As to claim 37, Lavelle discloses:  A multi-camera system, comprising: a plurality of cameras in a video conferencing space, (see Figure 1 and col. 5, lines 31-57) each of the plurality of cameras comprising: an application programming interface for communicating with other cameras among the plurality of cameras and a display; (as noted in col. 5, lines 31-57, video conferencing endpoints include one or more endpoints 140 interconnected through a network 135; in some configurations, each of the endpoints 140 includes one or more display devices for at least displaying received video and audio data and video and audio capture devices for capturing video data to send to the other video conferencing endpoints 110, 140; the video conferencing endpoint could represent a video conferencing software application (e.g.
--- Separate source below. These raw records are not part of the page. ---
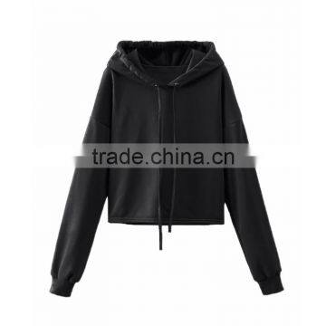 Fashion Black Long Sleeve Drawstring Wide Hood Cropped Hoodies for Girls
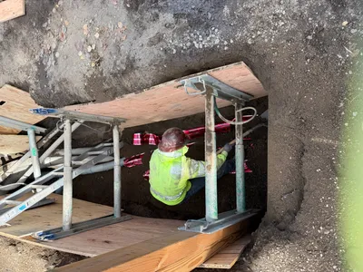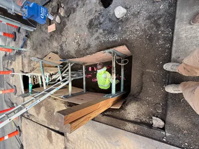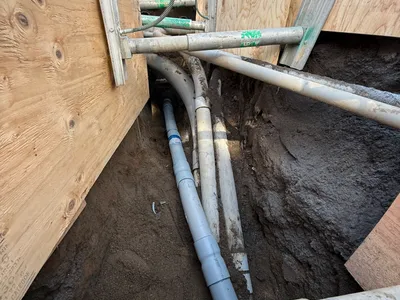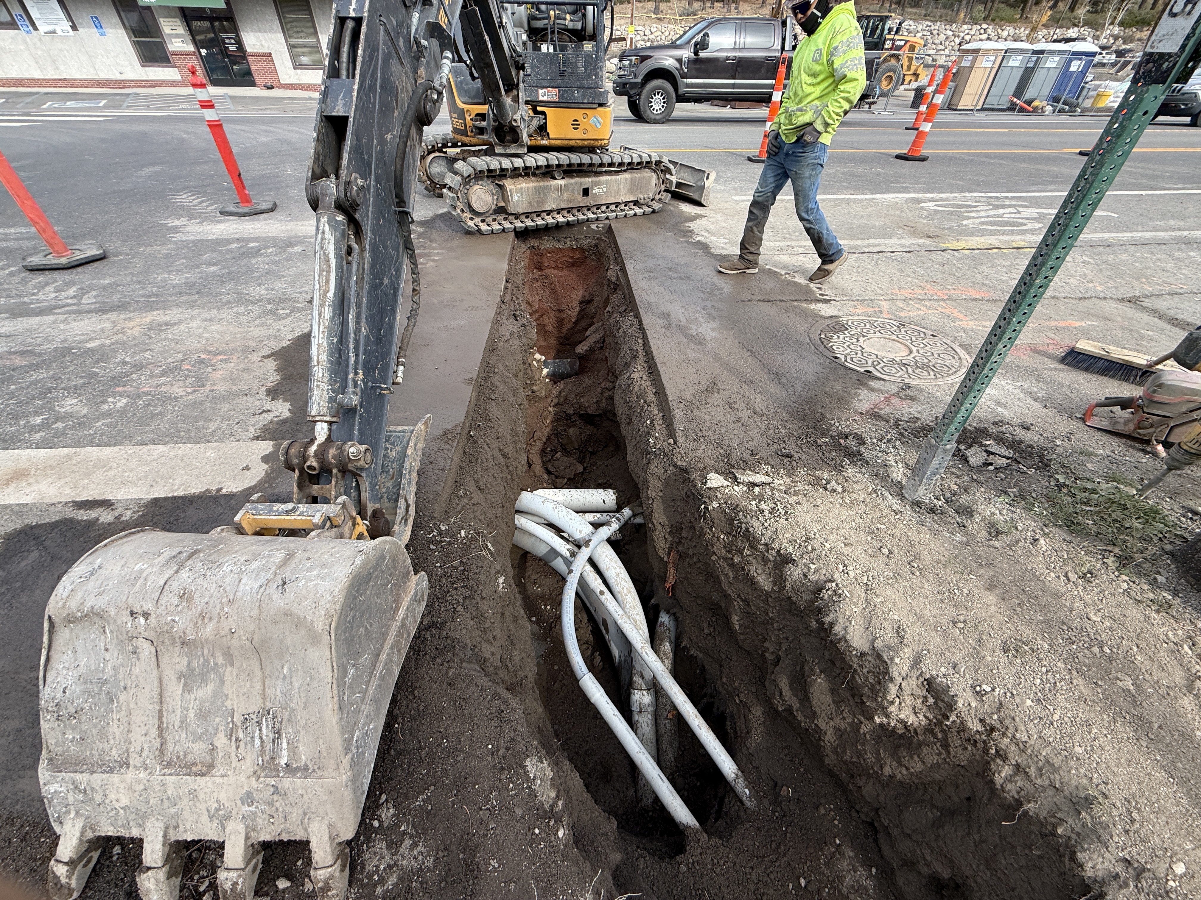 An excavator is actively digging a trench alongside a paved road to install underground utility conduits. Several white PVC electrical conduits are visible, indicating the infrastructure work in progress. The construction stage involves trench excavation and utility conduit placement, with the trench appearing deep and neatly dug.
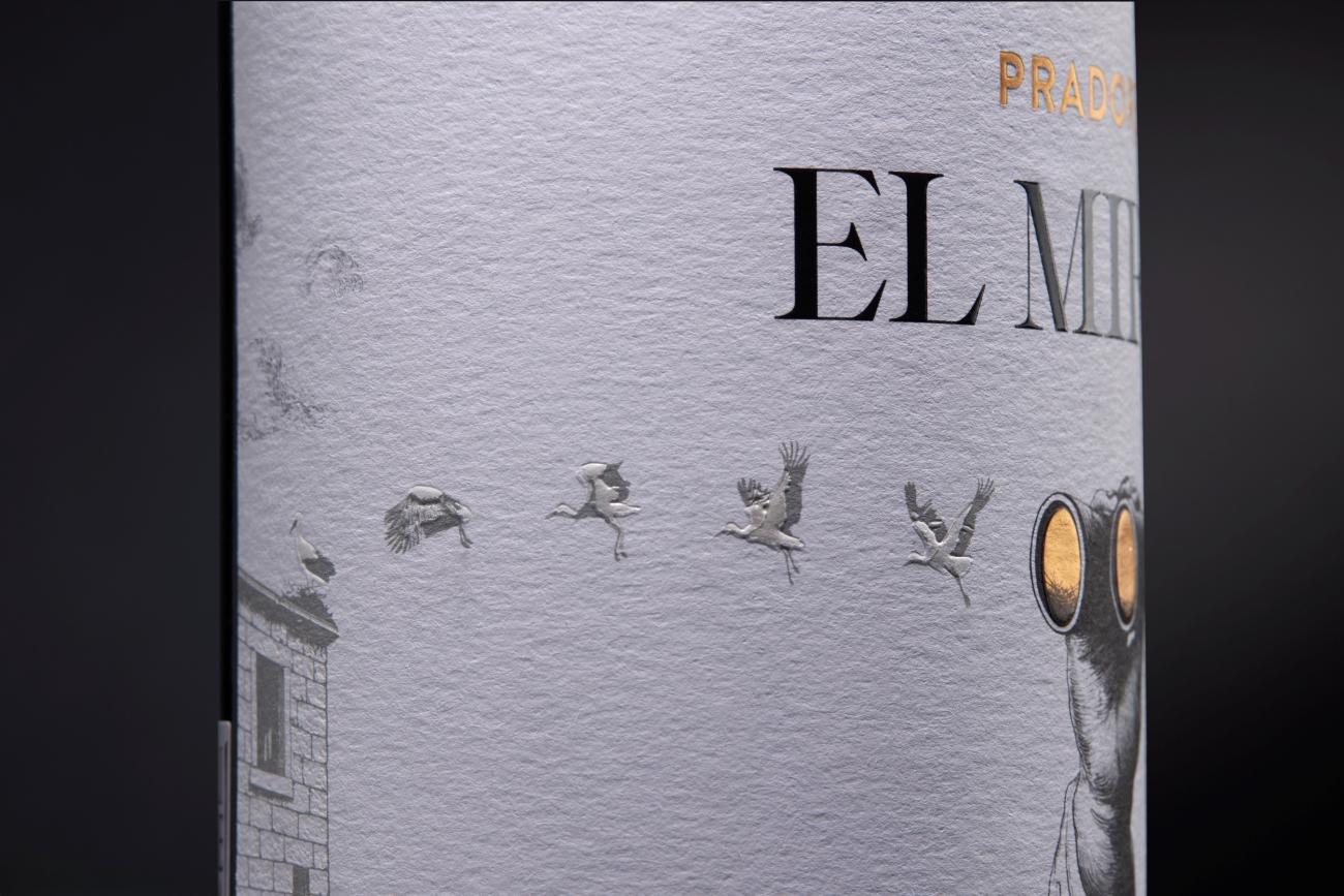 EL MIRÓN, proyecto vinícola de Pradorey, parte de un lugar real dentro de su finca: una torreta desde la que observar el paisaje y entender el territorio. Esa idea de mirar, detenerse y descubrir fue el punto de partida para desarrollar una etiqueta donde cada detalle busca generar profundidad y significado.

Microsoft Skype); as another example, the endpoint 140 could represent a dedicated video conferencing environment in which multiple cameras are installed) an image sensor configured to capture an overview video stream including representations of at least a first subject and a second subject; (see col. 6, lines 4-11; endpoint 110 includes a wide angle camera device 115 configured to capture a video stream of the environment, and preferably is positioned such that all users within the environment are depicted within the captured video stream) and a video processing unit configured to: automatically select a portion of the overview video stream as a focus video stream; and output the focus video stream to one or more of the other cameras and the display, (see col. 6, line 58, to col. 7, line 8; control device 130 analyzes the video stream captured by the wide angle camera device 115 to determine, for example, which user is speaking and adjusts the orientation of the pan and tilt of the camera device 120 to center the speaker and adjust the zoom level such that the speaker occupies 70% of captured video frames); and wherein the focus video stream or one of a plurality of other focus video streams from the other cameras is shown on the display. (see discussion above, and further col. 10, lines 31-46, upon determining that a user 305 is currently speaking, the camera controller 230 could determine a portion of the captured video data to extract as a stream to be transmitted to the remote video conferencing device)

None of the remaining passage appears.